What Seven AI Agents Found in Our Streaming Platform

Jan 31, 2026

FrameWorks Team

Live video systems collect awkward edge cases.

A viewer connects from a location that sits on the wrong side of a geofence boundary. A DVR recording starts at the same moment a stream is shutting down. Two usage events for the same tenant arrive close enough together that billing code has to prove it is actually idempotent. None of those cases are hard to understand on their own. The hard part is that they do not stay on their own.

FrameWorks is split across routing, ingest, VOD, edge orchestration, analytics, billing, auth, MCP agent access, DNS, Skipper, WebSocket routing, and tenant management. Each subsystem has tests and reviews, but the interesting failures tend to sit between them. They show up when a stream lifecycle event crosses into billing, or when a viewer-routing decision depends on data that is still warming in a cache.

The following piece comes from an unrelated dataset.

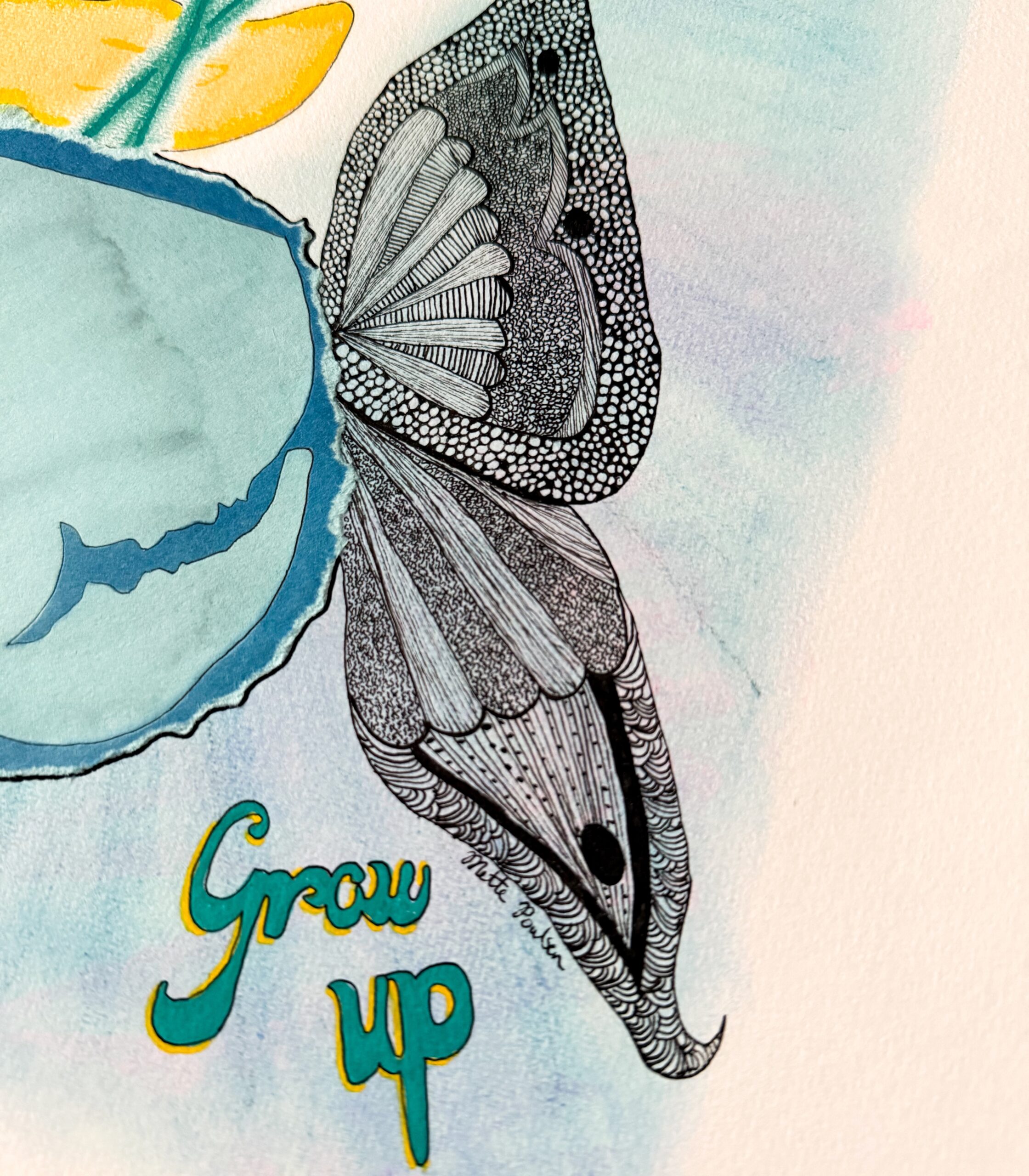 Dette værk minder dig om, at de sider, du undertrykker, også er en del af dig. Når du tør se på dem, kan du finde vækst og frigørelse. Sommerfuglen står som et tegn på transformation, mens mælkebøtterne viser livets evne til at bryde frem – selv fra det mest uventede sted.

We wanted a way to keep looking for those failures after the initial implementation work was done. Not a one-off security audit, and not a big rewrite disguised as process. Just a repeatable way to ask: which parts of the platform have not been reviewed recently, what can go wrong there, and can we prove it from the code?

So we ran a manually orchestrated audit using seven agent roles.

How the audit worked

The process was intentionally simple. One agent picked a domain to inspect. Another traced the relevant code paths and wrote findings. A separate reviewer checked those findings against the repository. If a fix made sense, another agent implemented it, a reviewer looked at the pull request, and a final pass addressed review feedback before CI and human merge.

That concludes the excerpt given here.